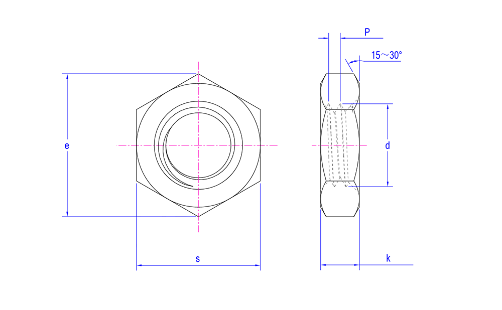 | Mga katangian ng hitsura | Hugis: hexagonal na may anim na simetriko na panig, na nagpapahintulot para sa madaling paghigpit at pag -alis gamit ang isang wrench o iba pang mga tool. Ang disenyo na ito ay nagbibigay ng mas mahusay na kaginhawaan sa pagpapatakbo sa mga nakakulong na puwang. Kapal: Kumpara sa karaniwang mga hex nuts, ito ay mas payat, inuri bilang isang manipis na nut. Ito ay medyo magaan at sumasakop ng mas kaunting puwang. Paggamot sa ibabaw: Karaniwan ay nagpapanatili ng natural na hindi kinakalawang na kulay na bakal na may isang metal na kinang. Maaari rin itong sumailalim sa passivation, polishing, o iba pang mga paggamot sa ibabaw kung kinakailangan upang mapahusay ang paglaban ng kaagnasan at aesthetics. |
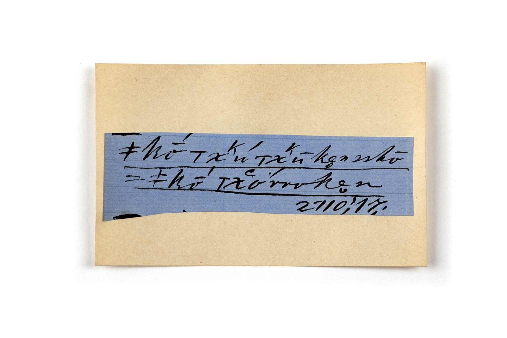 ink on blue paper glued on card
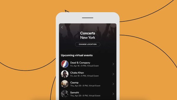 Το Spotify, ενημερώνει πλέον τους χρήστες της για συναυλίες εξ αποστάσεως και άλλα εικονικά μουσικά event στον κυβερνοχώρο, κλείνοντας συνεργασίες με διοργανωτές τέτοιων εκδηλώσεων που φιλοξενούν μουσικούς, των οποίων η δισκογραφία περιλαμβάνεται στις βάσεις δεδομένων της συνδρομητικής πλατφόρμας.
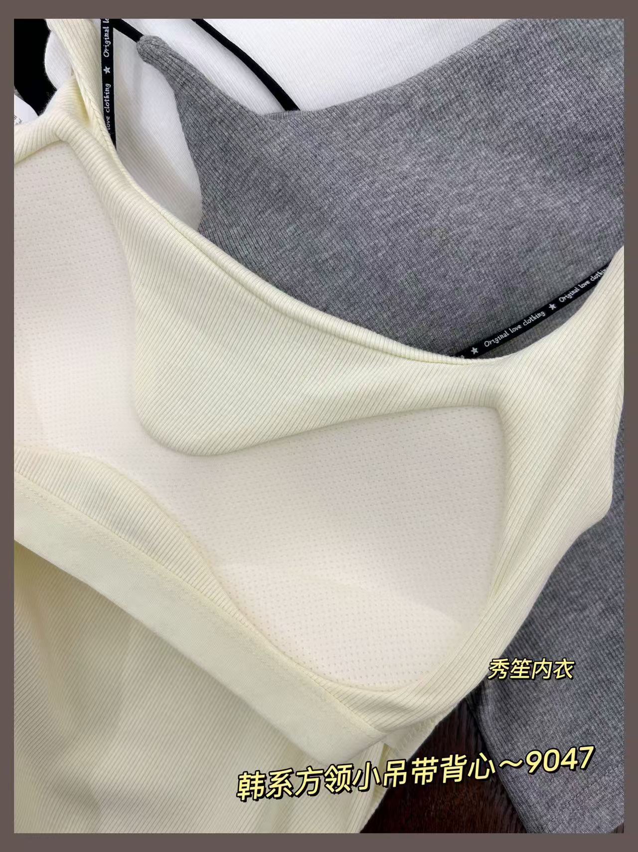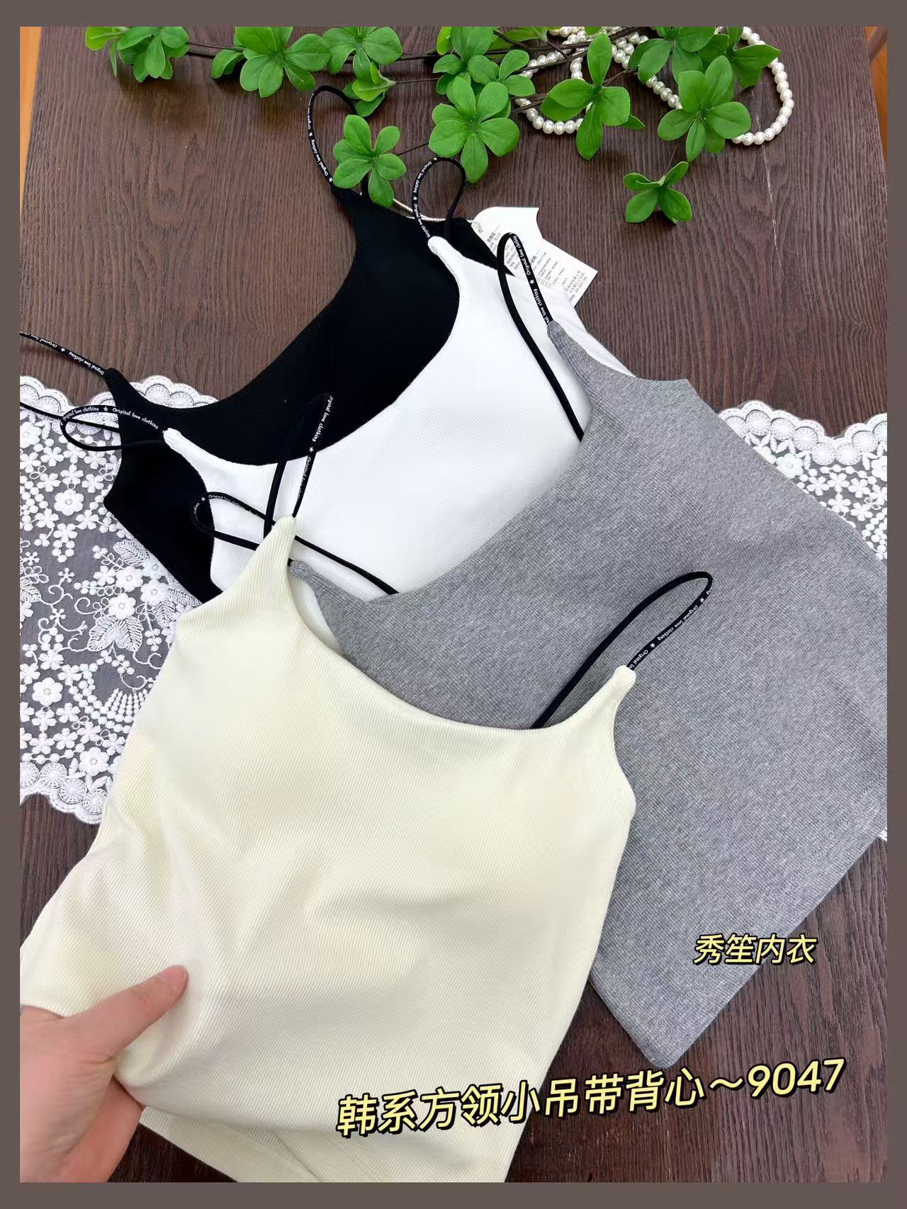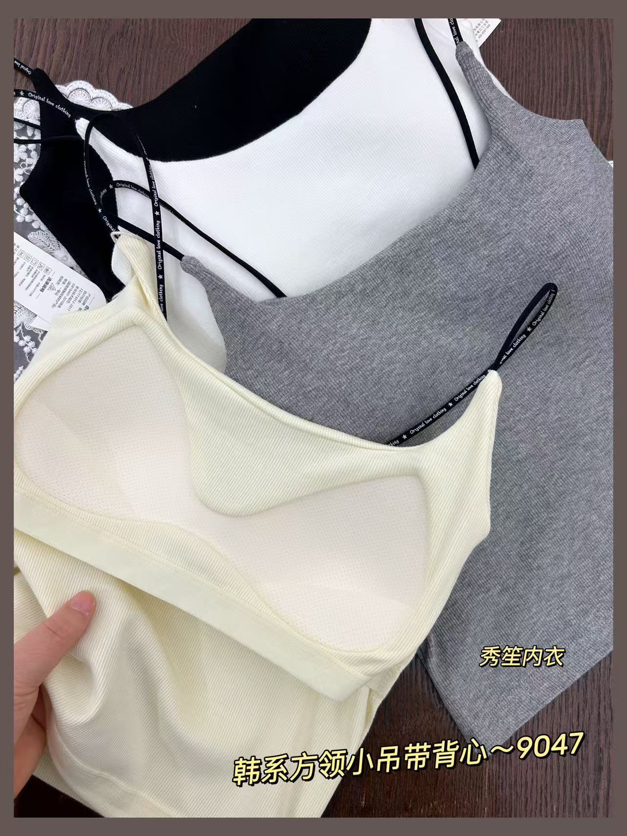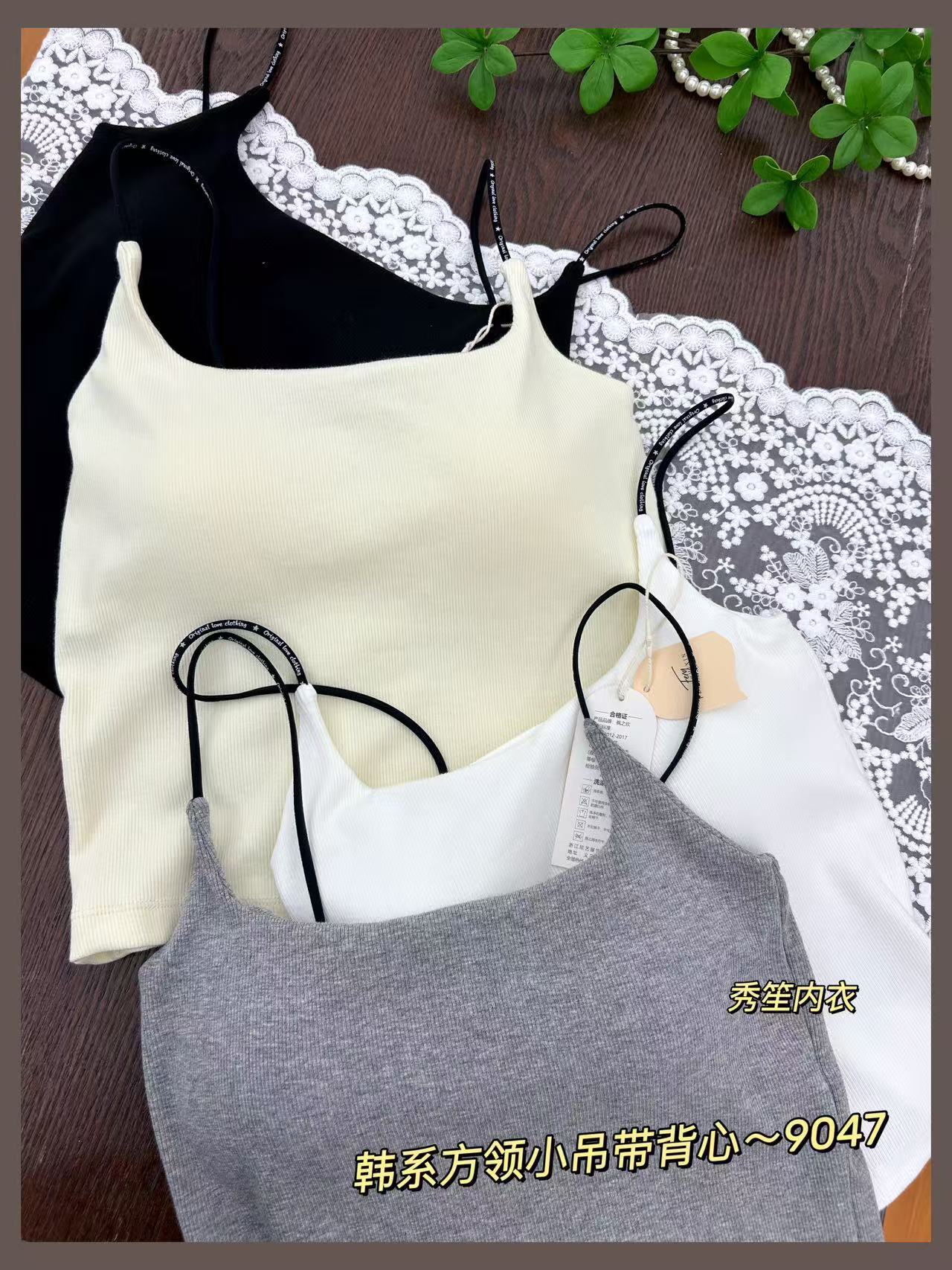 봄과 여름 새로운 9047 한국식 스퀘어 넥 스레드 작은 슬링 대조 레이스 고정 가슴 패드 슬링 조끼
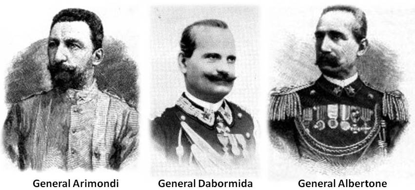 Итальянцы наступали четырьмя отдельными колоннами под началом генералов Аримонди (недавнего беглеца от раса Маконнена), Дабормида (известного храбреца), Альбертоне (ведшего туземные части) и Эллена (командовавшего резервом, с которым шел и осторожный командующий Баратьери).
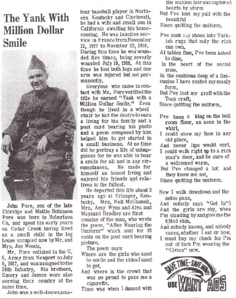 WWI soldiers, Reeves, Vanhook & Louderback families, Biog. of John Zoller, Dr. P. Duncan, Dr. Thompson.

**TASK DIRECTIONS**
If a line falls between the first line of the records above and the line containing "ink on blue paper glued on card", inclusive, retype it exactly; leave pictures out.

**TASK RESULT**
 | Mga katangian ng hitsura | Hugis: hexagonal na may anim na simetriko na panig, na nagpapahintulot para sa madaling paghigpit at pag -alis gamit ang isang wrench o iba pang mga tool. Ang disenyo na ito ay nagbibigay ng mas mahusay na kaginhawaan sa pagpapatakbo sa mga nakakulong na puwang. Kapal: Kumpara sa karaniwang mga hex nuts, ito ay mas payat, inuri bilang isang manipis na nut. Ito ay medyo magaan at sumasakop ng mas kaunting puwang. Paggamot sa ibabaw: Karaniwan ay nagpapanatili ng natural na hindi kinakalawang na kulay na bakal na may isang metal na kinang. Maaari rin itong sumailalim sa passivation, polishing, o iba pang mga paggamot sa ibabaw kung kinakailangan upang mapahusay ang paglaban ng kaagnasan at aesthetics. |
 ink on blue paper glued on card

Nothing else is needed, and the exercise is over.